Transcribe each entry below exactly. Pictures do not go in the copy.
· · · · · · ·
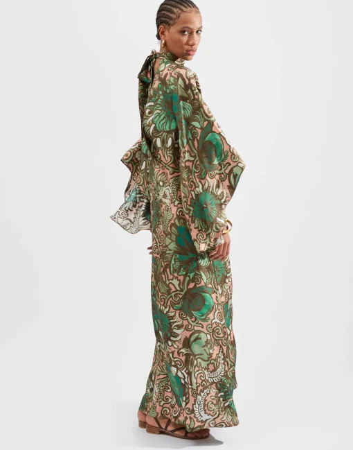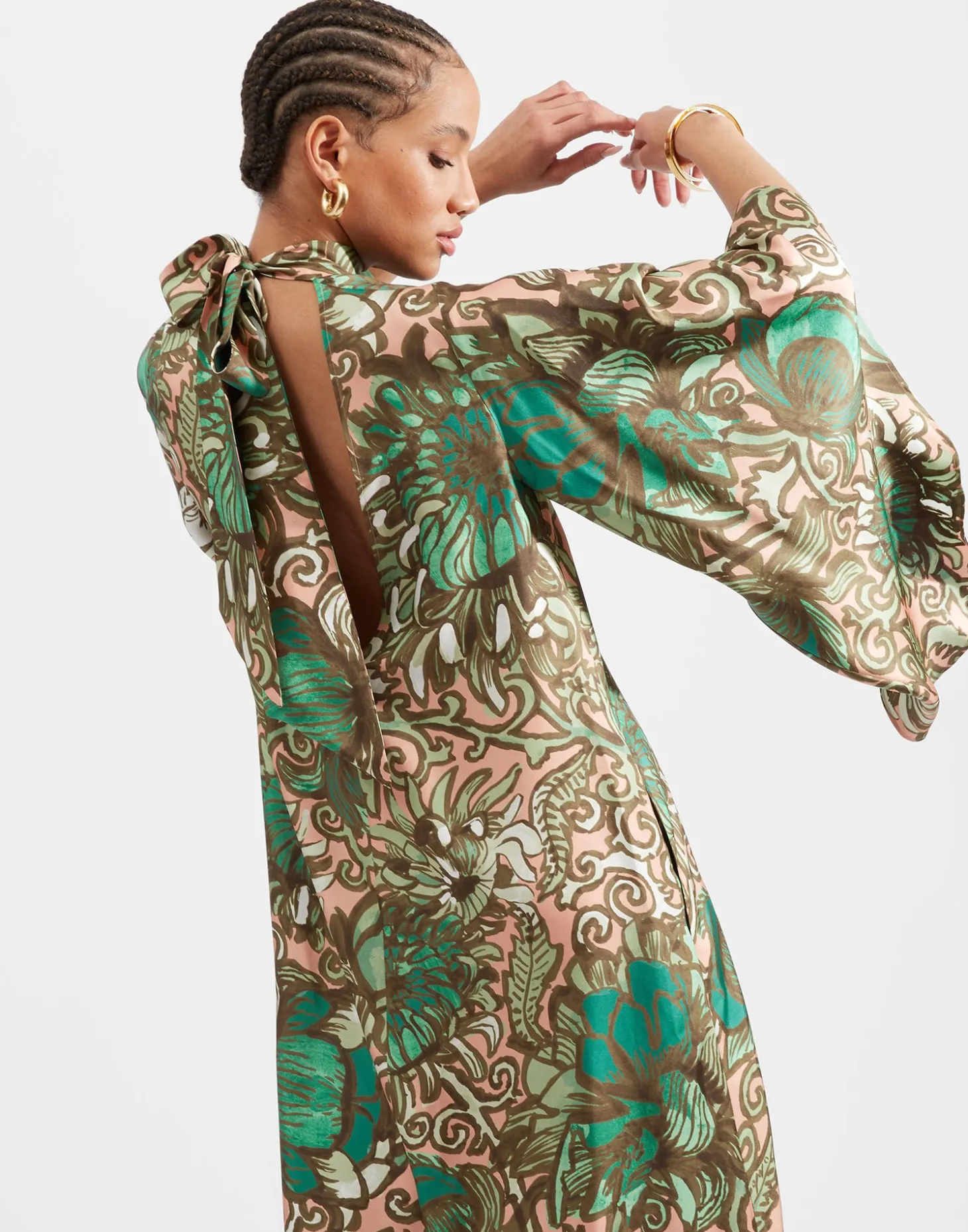 Shouldn’t every babe have a dress called the Magnifico hanging in her closet? La DoubleJ believes so! With a stand-up collar, long sash at the back and draped waterfall sleeves, this special number will glide you around the room with an ease and elegance reserved for the most exclusive of occasions. Cut in glossy 100% silk twill for extra swish and swoosh, this bellissima Pink Dahlia print guarantees to turn heads. Let the compliments commence!
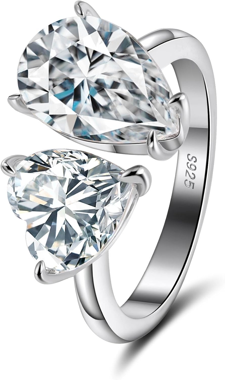 ZOYA JEWELRY DESIGN Promise Ring for Women – 925 Sterling Silver, Heart & Oval Design, Wedding Band Style, Sterling Silver, Cubic Zirconia
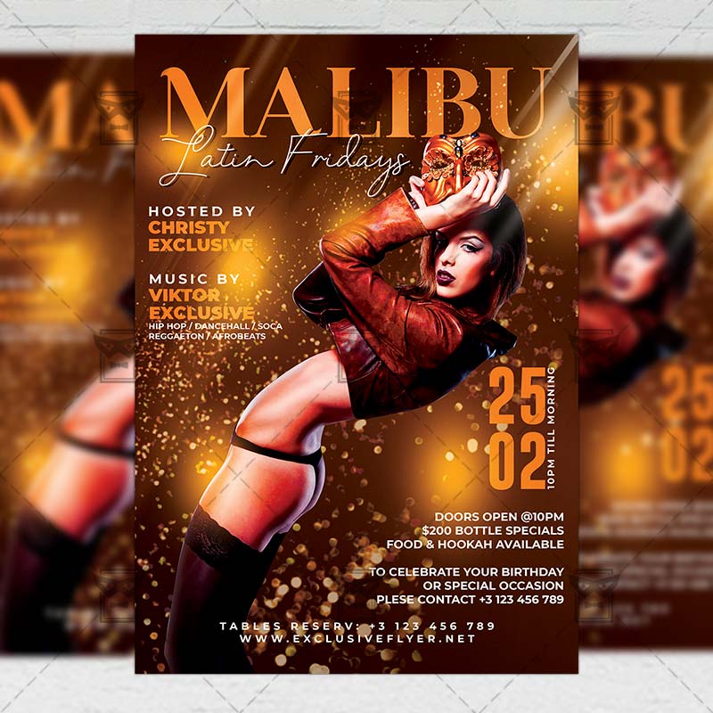 Malibu Latin Nights Template an exclusive PSD flyer template for Adobe Photoshop designed by our best graphic designers to facilitate your task in promoting your business. With our readymade Club flyer in psd format you can invite you customers and guest to your event or to the best Latin Night, Latin party, Malibu Night, Latin Dance Night, Latin Party or Sexy Malibu Night in their lives.
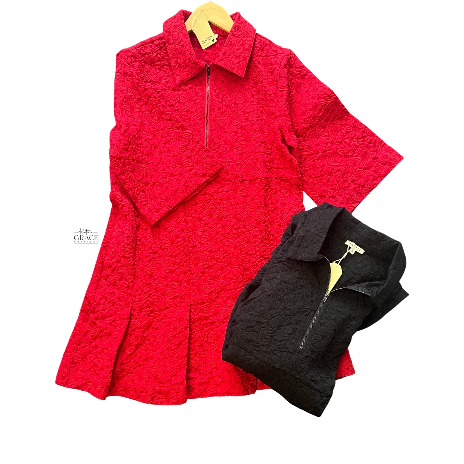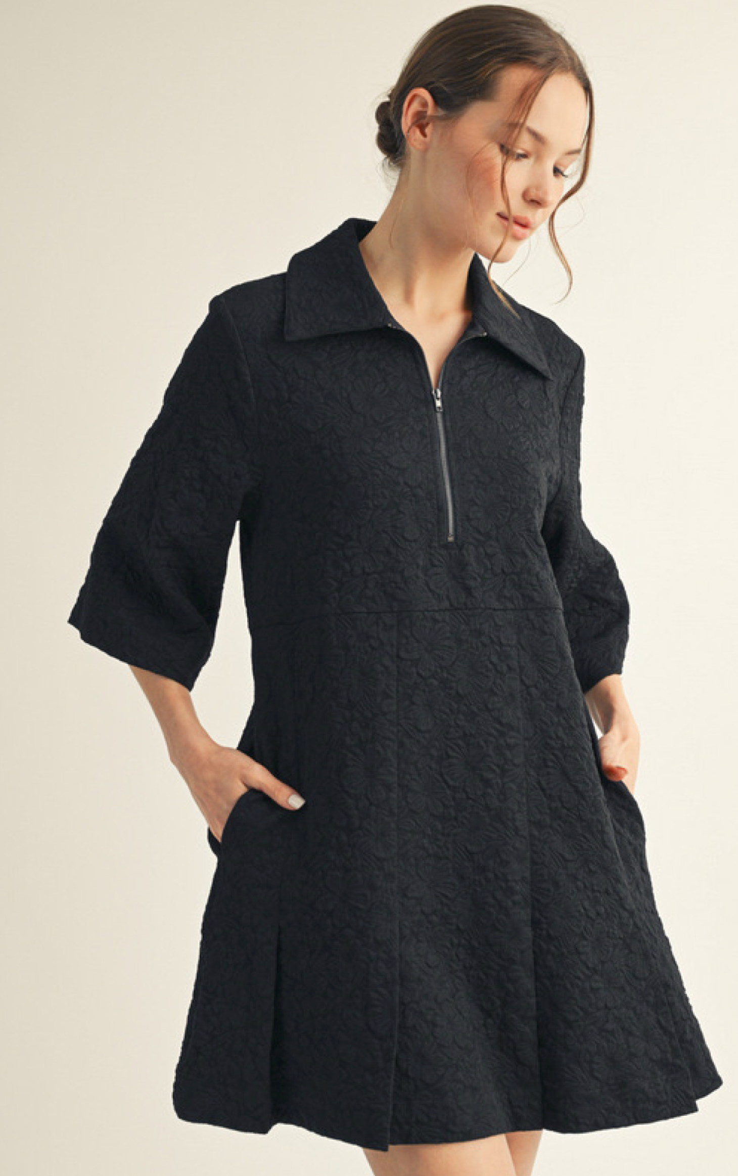 3/4 sleeves floral jacquard dress with side pockets, pleated h38", length 35"em accent, front zip up. S-L. $44
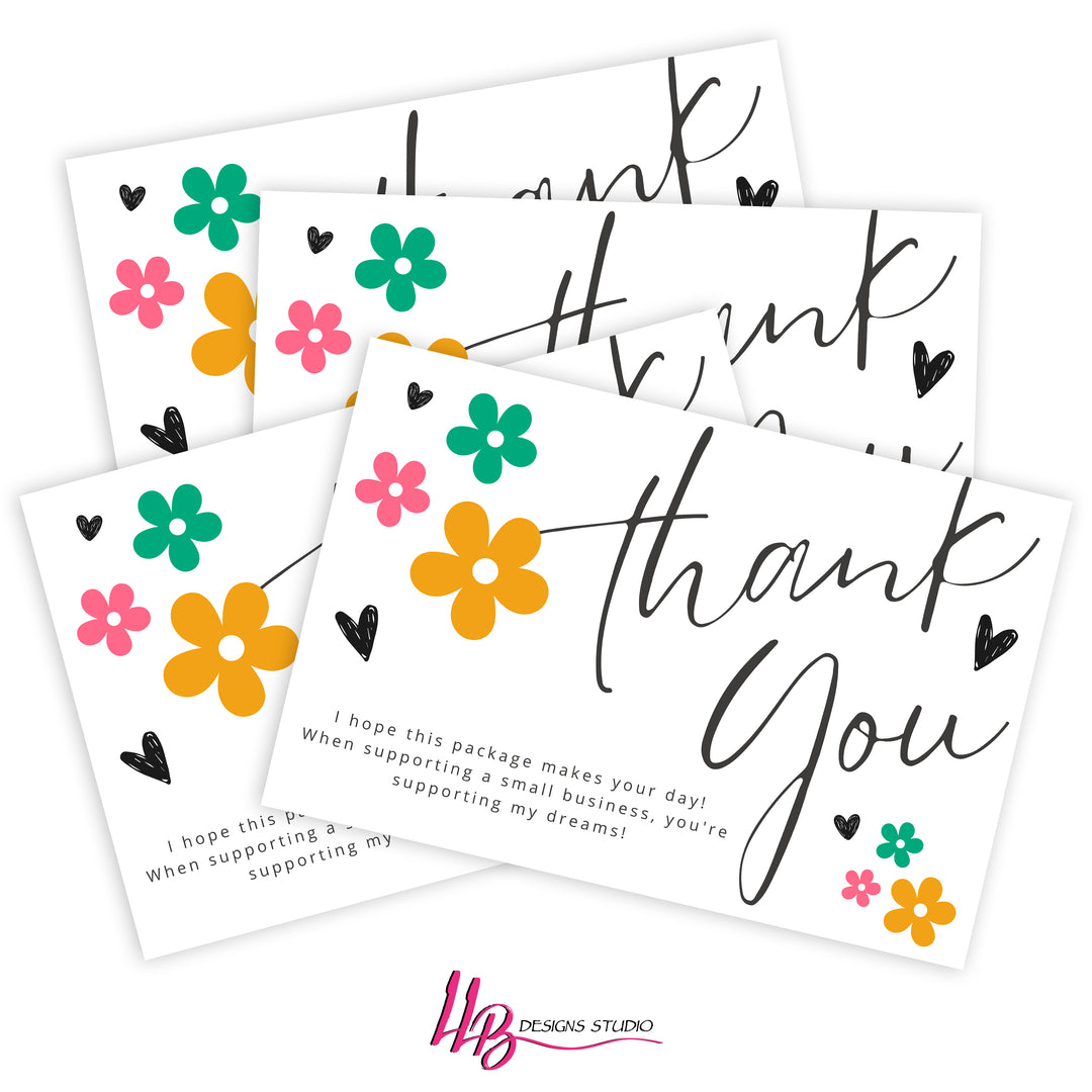 Daisy - Thank You Packaging Insert, I hope this package makes your da, Daisy Heart Theme - Packaging Inserts - SIZE 4 X 6 INCHES | Card Number: TY116 | Ready To Ship
· · · · · · ·
• ANSWER:
 Shouldn’t every babe have a dress called the Magnifico hanging in her closet? La DoubleJ believes so! With a stand-up collar, long sash at the back and draped waterfall sleeves, this special number will glide you around the room with an ease and elegance reserved for the most exclusive of occasions. Cut in glossy 100% silk twill for extra swish and swoosh, this bellissima Pink Dahlia print guarantees to turn heads. Let the compliments commence!
 ZOYA JEWELRY DESIGN Promise Ring for Women – 925 Sterling Silver, Heart & Oval Design, Wedding Band Style, Sterling Silver, Cubic Zirconia
 Malibu Latin Nights Template an exclusive PSD flyer template for Adobe Photoshop designed by our best graphic designers to facilitate your task in promoting your business. With our readymade Club flyer in psd format you can invite you customers and guest to your event or to the best Latin Night, Latin party, Malibu Night, Latin Dance Night, Latin Party or Sexy Malibu Night in their lives.
 3/4 sleeves floral jacquard dress with side pockets, pleated h38", length 35"em accent, front zip up. S-L. $44
 Daisy - Thank You Packaging Insert, I hope this package makes your da, Daisy Heart Theme - Packaging Inserts - SIZE 4 X 6 INCHES | Card Number: TY116 | Ready To Ship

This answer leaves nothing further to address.